The increase in tourists, however, brought about more garbage on the islands, the government said. The total amount of waste in Okinawa was 448,000 tons in fiscal 2015, of which 100,000 tons was left in the prefectural capital of Naha.
Adding to the problem, a large portion of the total was leftovers in Naha, prompting the city to soon distribute flyers asking hotels and restaurants to reduce food waste.
At Kokusai Dori, the main street in Naha, which features shopping and dining spots, shop owners and local residents have been annoyed by mounting garbage and cigarette butts tossed by visitors. The municipal government has an ordinance banning smoking and throwing cigarette butts on the street, but the regulation has not proven effective.
Starting in fiscal 2014, the prefecture placed along the street 120 planters with flowers such as hibiscus as a welcome message for tourists. But local officials recently decided to remove most of the planters after people were using them to dispose of rubbish.
“We feel sorry to have to make that decision but we have no other option after seeing the planters used as trash bins,” a prefectural official said.

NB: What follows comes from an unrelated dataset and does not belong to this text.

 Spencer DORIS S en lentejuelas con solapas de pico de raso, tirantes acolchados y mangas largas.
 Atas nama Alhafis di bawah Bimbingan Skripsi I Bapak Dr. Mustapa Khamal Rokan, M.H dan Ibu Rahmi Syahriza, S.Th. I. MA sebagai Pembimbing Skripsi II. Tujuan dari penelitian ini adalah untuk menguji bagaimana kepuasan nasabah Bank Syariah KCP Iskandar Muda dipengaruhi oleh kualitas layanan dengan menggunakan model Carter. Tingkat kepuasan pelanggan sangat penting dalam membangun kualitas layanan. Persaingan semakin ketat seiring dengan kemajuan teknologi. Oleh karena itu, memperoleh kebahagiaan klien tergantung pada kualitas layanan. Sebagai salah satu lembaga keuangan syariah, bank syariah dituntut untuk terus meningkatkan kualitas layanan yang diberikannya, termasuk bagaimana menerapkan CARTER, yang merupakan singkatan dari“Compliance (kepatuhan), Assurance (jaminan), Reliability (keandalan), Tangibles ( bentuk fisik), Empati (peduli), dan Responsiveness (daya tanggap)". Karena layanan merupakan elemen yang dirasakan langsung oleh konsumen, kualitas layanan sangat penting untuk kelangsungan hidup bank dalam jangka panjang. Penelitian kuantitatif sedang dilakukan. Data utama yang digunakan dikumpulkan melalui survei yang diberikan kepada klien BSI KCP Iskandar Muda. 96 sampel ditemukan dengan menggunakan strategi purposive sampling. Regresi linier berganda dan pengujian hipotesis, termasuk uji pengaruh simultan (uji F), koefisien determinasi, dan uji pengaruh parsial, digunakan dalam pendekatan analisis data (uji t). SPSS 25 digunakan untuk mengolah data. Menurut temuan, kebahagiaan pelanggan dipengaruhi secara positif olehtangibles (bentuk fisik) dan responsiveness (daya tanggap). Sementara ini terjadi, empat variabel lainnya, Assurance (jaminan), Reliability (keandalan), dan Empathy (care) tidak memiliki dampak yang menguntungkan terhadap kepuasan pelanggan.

“We clean them up but they get littered again,” Nobuko Oshiro, a 65-year-old worker at a jewelry shop, said while sweeping up the area in front of the store on Kokusai Dori.
“I want public offices to be stricter on people (who throw away garbage),” Oshiro said.

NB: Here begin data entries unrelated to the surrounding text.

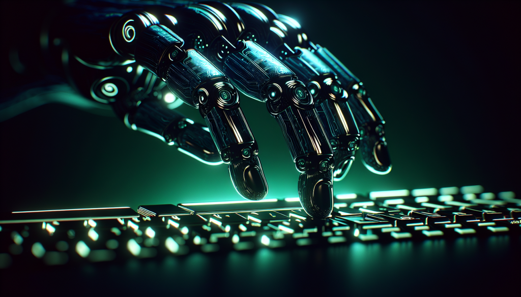 Futuristic AI robot hand typing on a keyboard
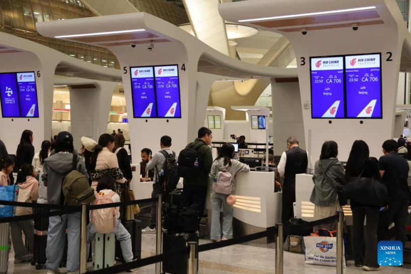 ABU DABI, 25 enero, 2026 (Xinhua) — Imagen del 24 de enero de 2026 de pasajeros preparándose para abordar un vuelo hacia Beijing en el Aeropuerto Internacional de Zayed, en Abu Dabi, Emiratos Arabes Unidos (EAU). Una ruta aérea directa entre la capital de China, Beijing y Abu Dabi, en los EAU, ha sido lanzada, marcando la primera conexión directa entre ambas capitales operada por una aerolínea china. (Xinhua)
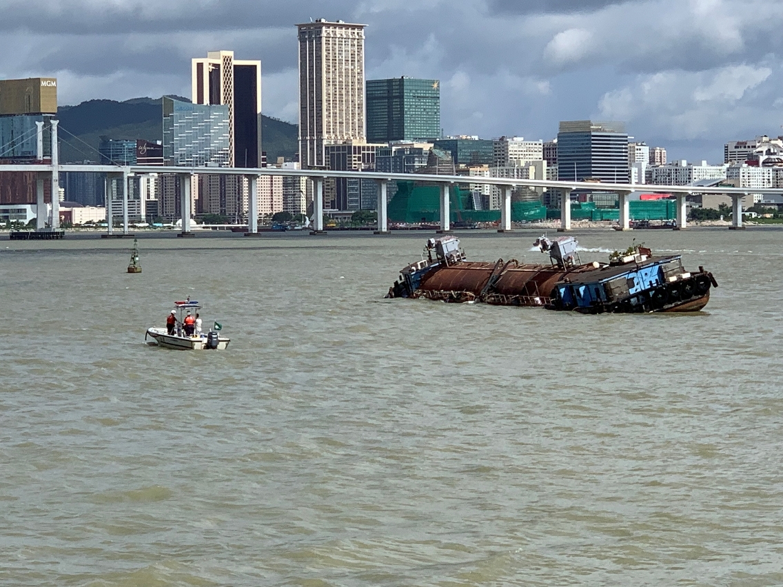 今日早上八時十分,海事及水務局船舶交通管理中心接報,兩艘貨船“新鴻翔3X”和“金沙機88XX”於氹仔客運碼頭以北的一段往內港航道附近發生碰撞,兩艘船的船員均沒有受傷,“金沙機88XX”入水傾側。海事及水務局接報後即時聯同海關派出船隻前往現場救援。
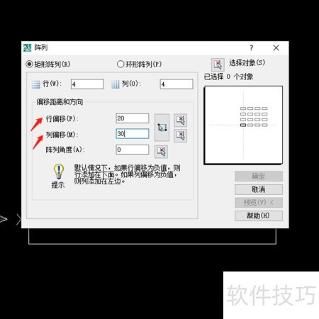 3、 输入行列的偏移距离。

A group of elderly people who were playing gateball in a park near the Naha Cruise Terminal complained about an increase in tourists who leave their leftovers and garbage in the park.

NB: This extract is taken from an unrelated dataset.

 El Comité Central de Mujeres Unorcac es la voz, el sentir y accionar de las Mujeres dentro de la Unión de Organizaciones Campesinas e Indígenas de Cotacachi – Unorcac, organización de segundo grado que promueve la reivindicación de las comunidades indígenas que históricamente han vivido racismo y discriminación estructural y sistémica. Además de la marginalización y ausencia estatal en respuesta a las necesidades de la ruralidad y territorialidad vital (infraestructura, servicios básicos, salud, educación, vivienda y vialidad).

“It’s us who are picking up such garbage. We want tourists to have good manners,” one of the gateballers said.
The surge in tourists has also potentially threatened the water supply in Okinawa.
The Enterprise Bureau at the prefectural government said the average storage level at 11 dams in Okinawa was 45.4 percent as of May 1, down 23.5 percentage points on the 10-year average.
An official at the bureau blamed the water shortage on low rainfall since October. “But given the record number of tourists, we must study its potential impact” on the whole water supply system, the official said.
Daisuke Kamiya, a civil engineering expert at the University of the Ryukyus in the prefecture, urged local authorities to look at measures to reduce the impact from a growing tourism sector on the lives of local residents not only on Okinawa Island but remote islands in the prefecture.
According to a report released in 2013 by researchers including Kamiya, a hotel guest in the prefecture is estimated to consume between 300 to 1,500 liters of water per day, while the use of water by families on remote islands is estimated to be between 150 and 250 liters per day. This means tourists are using twice to 10 times more water than local residents, the report says.
“If the number of tourists grows too rapidly on remote islands that don’t have ample water supplies, it could affect the lives of islanders, such as possible water restrictions,” said Kamiya, an associate professor at the University of the Ryukyus.
“Okinawa needs to come up with ways to boost tourism that take into consideration the impact on the daily lives of the islanders,” Kamiya said.